Authorities in Mexico have announced that they have arrested a number of cartel members in connection with a brutal ambush that claimed the lives of several American citizens.
Three women and six children were killed after gunmen opened fire on the LeBaron family as they traveled through Sonora state.
In a statement released Sunday, Mexico’s federal prosecutor’s office revealed that intelligence officials, along with military personnel, had detained several suspects after launching a raid at an undisclosed location.
According to USA Today, three suspects were arrested just south of the Arizona border in Sonora state, right near where the vicious attack took place.
Despite the Mexican authorities heralding the arrests as a great move forward in the investigation, members of the grieving LeBaron family reacted with skepticism.
“I would imagine these are low-level people,” relative Julián LeBaron told the outlet. “We want to know who gave the order and who is responsible.”

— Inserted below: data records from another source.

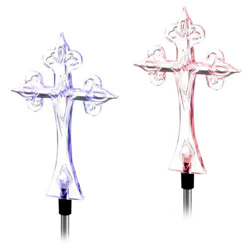 Solar Powered Cross Garden Stake Outdoor Color Change Lights (Set of 2)
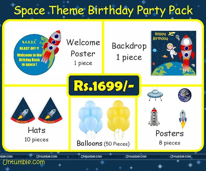 Space Super saver birthday decoration kit (Pack of 58 pieces)
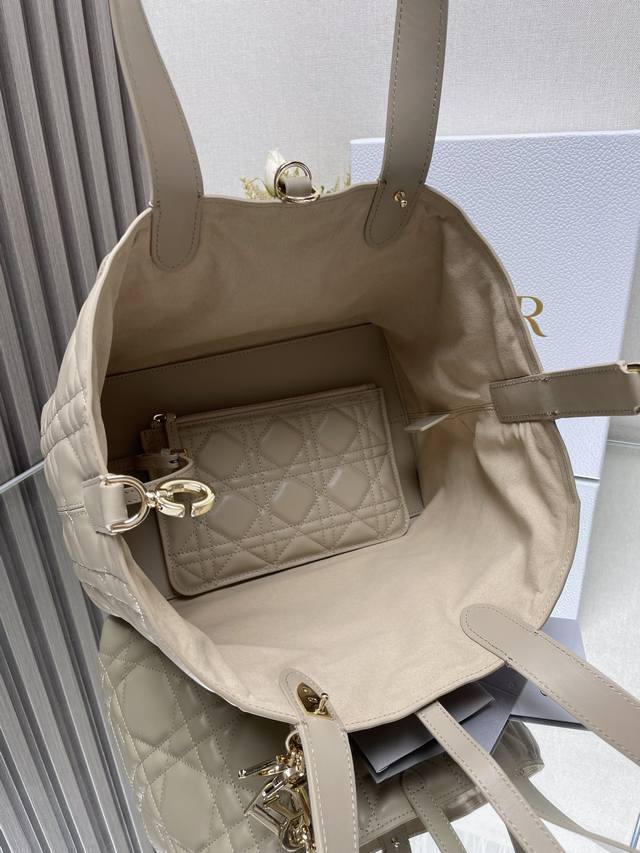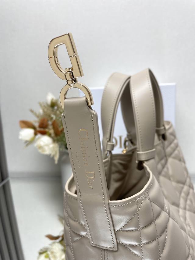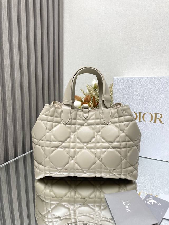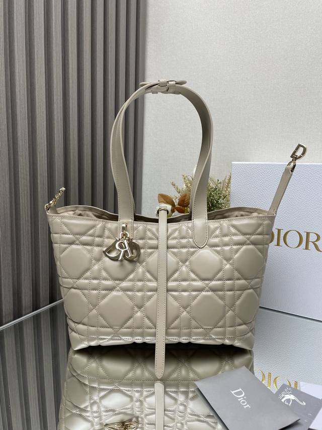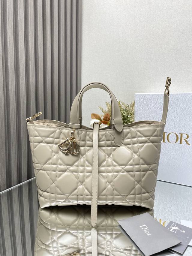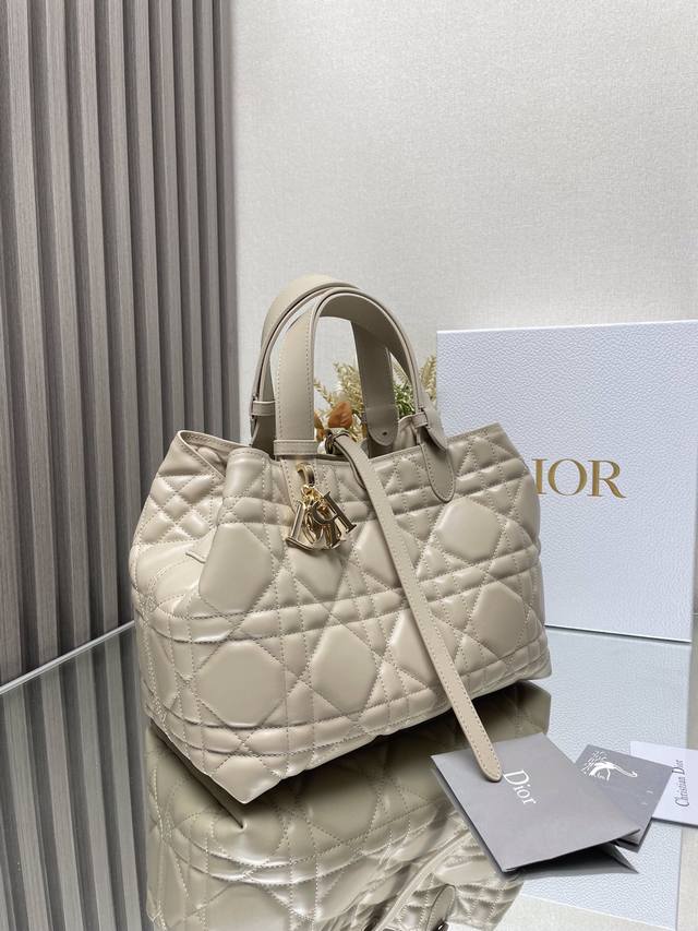 Authentic, High-Quality Dior Toujours Handbag (Light Apricot Medium) This Dior Toujours handbag made a stunning debut in the Spring/Summer 2023 collection, featuring a unique blend of casual and practical design. Crafted from light apricot calfskin leather with oversized cannage stitching, its spacious interior compartments and small pouches offer neat organization for everyday essentials. It features a Cd Lock with a D-shaped knob closure, adjustable sides for added style, and adjustable leather handles for easy carrying. Includes a Cd Lock, drawstring closure, Dior charm, detachable interior pouch, adjustable leather handles, and a dust bag. Model: 2821 Dimensions: 28.5 x 19 x 21.5 cm

LeBaron has previously suggested that the FBI is in possession of further evidence regarding the attack.
“There’s a video that the FBI has of 12 guys dressed in black with helmets, like special forces, coming down the hill, opening fire on my cousin’s vehicle,” he said. “When they got to the vehicle, they got her purse … I don’t think anyone questions the fact that it was targeted.”
Many in the extended LeBaron family have called on the president to designate the cartels a “terrorist group,” and to intervene in the relentless, bloody drug war.
Trump told Bill O’Reilly last week that he would be making the designation, but the Mexican government sees this as meddling.
“We recognize … President Trump has offered us help and respect. That’s to say, he was respectful and offered help and at the same time respected our sovereign right to decide with independence,” President López Obrador told his supporters Sunday. “The government of Mexico will fulfill its responsibility to do justice.”
On Monday, relatives of the slain family met with the President to address how exactly the cartels will be combatted moving forward.
Obrador has been criticized for tackling the crisis not with the military, but with social programs. His strategy has been dubbed “hugs, not bullets.”
“The problem of violence is enormous, it is immensely large,” Julian LeBaron told reporters following the meeting, according to the Washington Post. “There are thousands, tens of thousands, if not hundreds of thousands, but millions of hit men, and the only way to stop it is to put all the differences we have — political, cultural, religious and everything else — aside and to say, ‘Hey, we have to reach a level of minimal civilization where life is respected.’”
LeBaron urged that he wanted more high-level arrests to be carried out in due course.
Over the weekend, at least 20 people were killed when the Cartel of the Northeast clashed with security forces in the town of Villa Union, just 40 miles from Eagle Pass, Texas.